[Start of Attachment]

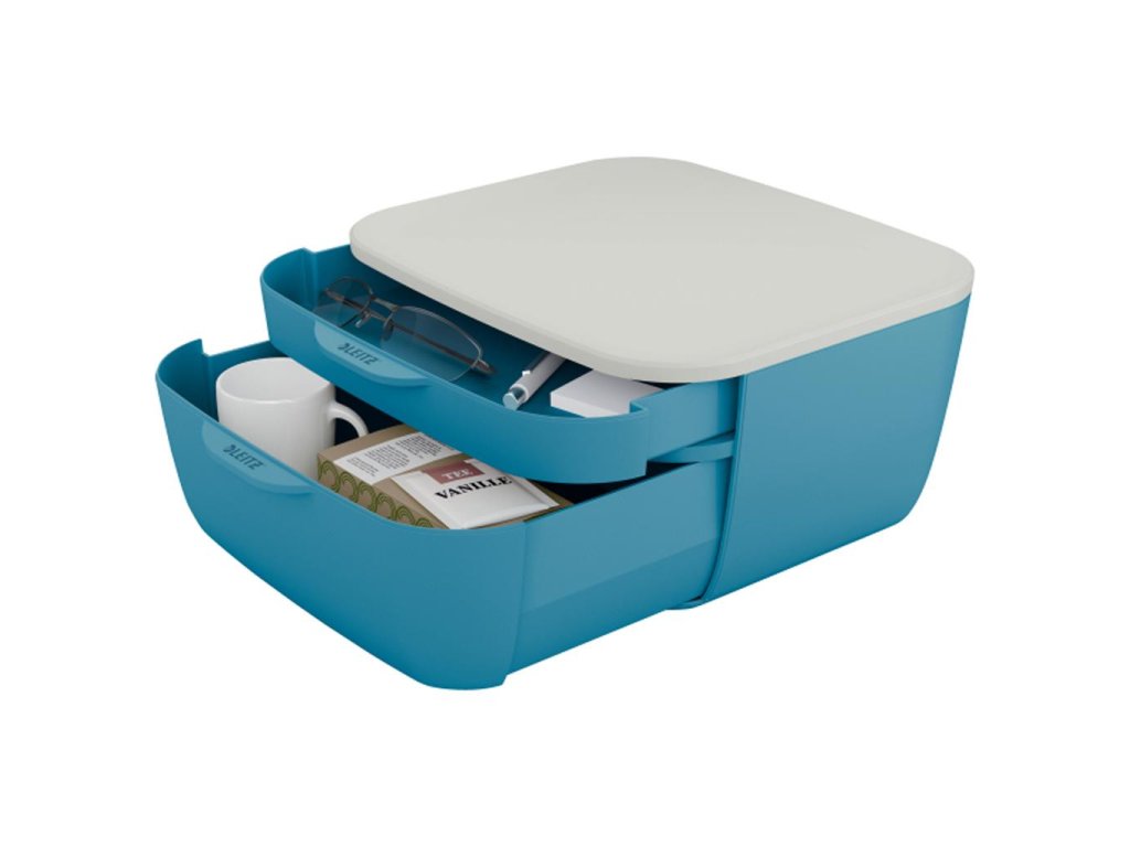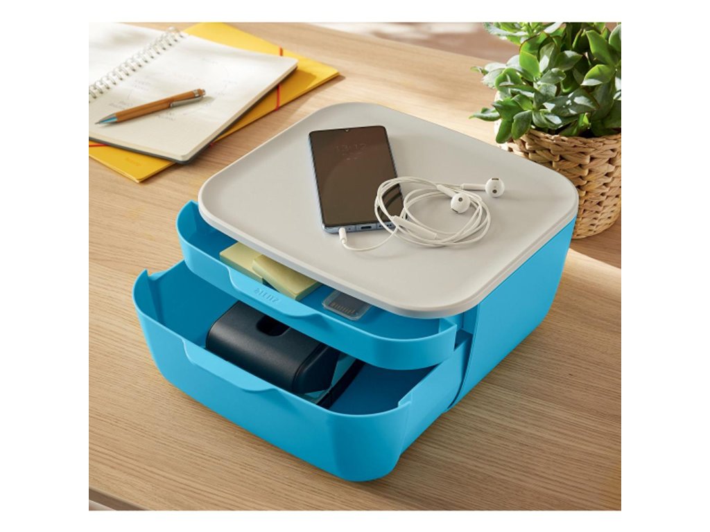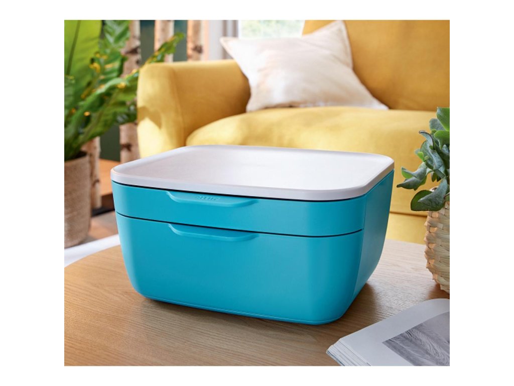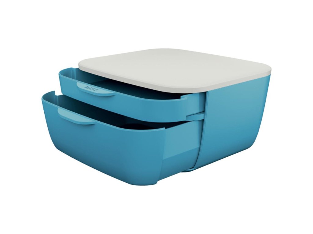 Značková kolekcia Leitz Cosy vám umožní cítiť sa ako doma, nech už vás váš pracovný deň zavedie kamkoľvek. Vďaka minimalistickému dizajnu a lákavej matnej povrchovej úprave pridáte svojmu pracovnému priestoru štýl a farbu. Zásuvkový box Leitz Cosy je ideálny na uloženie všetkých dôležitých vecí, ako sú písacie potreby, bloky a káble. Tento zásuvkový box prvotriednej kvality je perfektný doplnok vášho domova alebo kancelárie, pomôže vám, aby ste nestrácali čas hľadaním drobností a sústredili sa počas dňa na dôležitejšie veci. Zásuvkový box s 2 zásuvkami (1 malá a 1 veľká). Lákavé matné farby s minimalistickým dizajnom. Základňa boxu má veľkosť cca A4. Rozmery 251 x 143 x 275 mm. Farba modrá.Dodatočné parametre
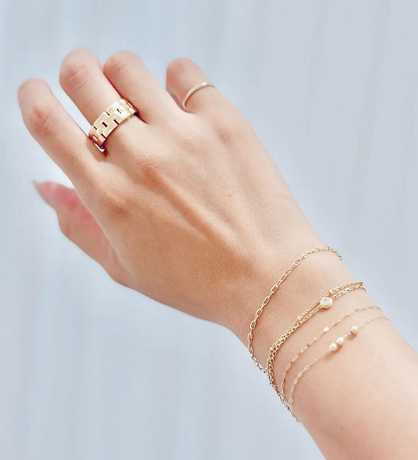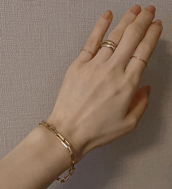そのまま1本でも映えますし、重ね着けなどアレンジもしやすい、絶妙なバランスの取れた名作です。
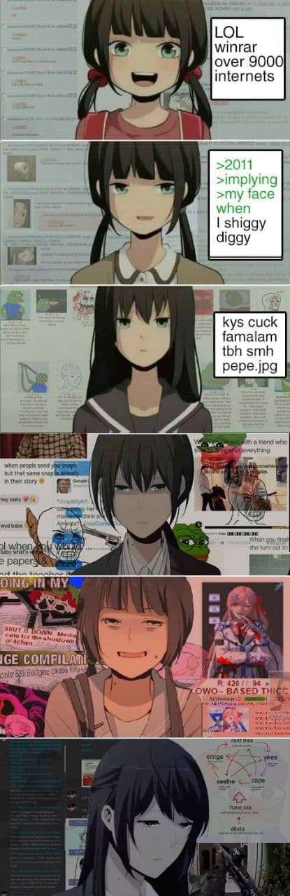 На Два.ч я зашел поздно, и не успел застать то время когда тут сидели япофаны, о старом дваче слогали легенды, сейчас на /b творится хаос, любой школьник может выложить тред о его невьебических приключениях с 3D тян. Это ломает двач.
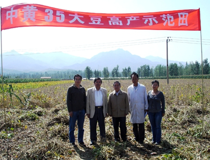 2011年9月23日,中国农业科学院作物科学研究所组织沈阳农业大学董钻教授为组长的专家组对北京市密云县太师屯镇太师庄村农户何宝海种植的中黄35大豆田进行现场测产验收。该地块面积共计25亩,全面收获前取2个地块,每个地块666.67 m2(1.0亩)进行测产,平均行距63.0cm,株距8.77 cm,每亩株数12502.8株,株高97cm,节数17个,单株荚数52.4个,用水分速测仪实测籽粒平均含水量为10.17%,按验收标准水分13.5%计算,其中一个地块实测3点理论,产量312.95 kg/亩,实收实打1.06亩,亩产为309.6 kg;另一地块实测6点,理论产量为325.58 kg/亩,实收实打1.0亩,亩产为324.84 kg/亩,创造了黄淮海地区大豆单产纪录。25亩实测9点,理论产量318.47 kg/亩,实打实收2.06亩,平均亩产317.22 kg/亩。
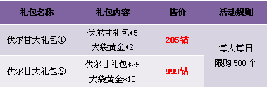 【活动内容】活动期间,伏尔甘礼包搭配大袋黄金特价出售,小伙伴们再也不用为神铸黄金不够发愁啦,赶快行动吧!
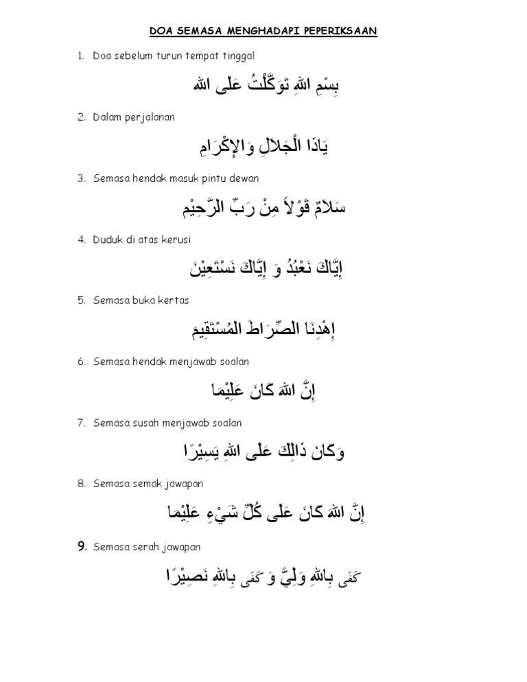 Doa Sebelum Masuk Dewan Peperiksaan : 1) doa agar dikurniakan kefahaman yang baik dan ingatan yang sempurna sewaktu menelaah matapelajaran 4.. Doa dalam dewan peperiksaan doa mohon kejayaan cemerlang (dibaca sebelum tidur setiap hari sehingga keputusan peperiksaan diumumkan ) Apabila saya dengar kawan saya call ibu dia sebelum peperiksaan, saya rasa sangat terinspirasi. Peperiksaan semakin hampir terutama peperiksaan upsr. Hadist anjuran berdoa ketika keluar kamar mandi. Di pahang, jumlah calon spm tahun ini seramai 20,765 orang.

[End of Attachment]

[EXERCISE INSTRUCTIONS]: When copying the listing, skip the pictures and keep each line exactly as written.

[RESULT OF THE EXERCISE]:
 Značková kolekcia Leitz Cosy vám umožní cítiť sa ako doma, nech už vás váš pracovný deň zavedie kamkoľvek. Vďaka minimalistickému dizajnu a lákavej matnej povrchovej úprave pridáte svojmu pracovnému priestoru štýl a farbu. Zásuvkový box Leitz Cosy je ideálny na uloženie všetkých dôležitých vecí, ako sú písacie potreby, bloky a káble. Tento zásuvkový box prvotriednej kvality je perfektný doplnok vášho domova alebo kancelárie, pomôže vám, aby ste nestrácali čas hľadaním drobností a sústredili sa počas dňa na dôležitejšie veci. Zásuvkový box s 2 zásuvkami (1 malá a 1 veľká). Lákavé matné farby s minimalistickým dizajnom. Základňa boxu má veľkosť cca A4. Rozmery 251 x 143 x 275 mm. Farba modrá.Dodatočné parametre
そのまま1本でも映えますし、重ね着けなどアレンジもしやすい、絶妙なバランスの取れた名作です。
 На Два.ч я зашел поздно, и не успел застать то время когда тут сидели япофаны, о старом дваче слогали легенды, сейчас на /b творится хаос, любой школьник может выложить тред о его невьебических приключениях с 3D тян. Это ломает двач.
 2011年9月23日,中国农业科学院作物科学研究所组织沈阳农业大学董钻教授为组长的专家组对北京市密云县太师屯镇太师庄村农户何宝海种植的中黄35大豆田进行现场测产验收。该地块面积共计25亩,全面收获前取2个地块,每个地块666.67 m2(1.0亩)进行测产,平均行距63.0cm,株距8.77 cm,每亩株数12502.8株,株高97cm,节数17个,单株荚数52.4个,用水分速测仪实测籽粒平均含水量为10.17%,按验收标准水分13.5%计算,其中一个地块实测3点理论,产量312.95 kg/亩,实收实打1.06亩,亩产为309.6 kg;另一地块实测6点,理论产量为325.58 kg/亩,实收实打1.0亩,亩产为324.84 kg/亩,创造了黄淮海地区大豆单产纪录。25亩实测9点,理论产量318.47 kg/亩,实打实收2.06亩,平均亩产317.22 kg/亩。
 【活动内容】活动期间,伏尔甘礼包搭配大袋黄金特价出售,小伙伴们再也不用为神铸黄金不够发愁啦,赶快行动吧!
 Doa Sebelum Masuk Dewan Peperiksaan : 1) doa agar dikurniakan kefahaman yang baik dan ingatan yang sempurna sewaktu menelaah matapelajaran 4.. Doa dalam dewan peperiksaan doa mohon kejayaan cemerlang (dibaca sebelum tidur setiap hari sehingga keputusan peperiksaan diumumkan ) Apabila saya dengar kawan saya call ibu dia sebelum peperiksaan, saya rasa sangat terinspirasi. Peperiksaan semakin hampir terutama peperiksaan upsr. Hadist anjuran berdoa ketika keluar kamar mandi. Di pahang, jumlah calon spm tahun ini seramai 20,765 orang.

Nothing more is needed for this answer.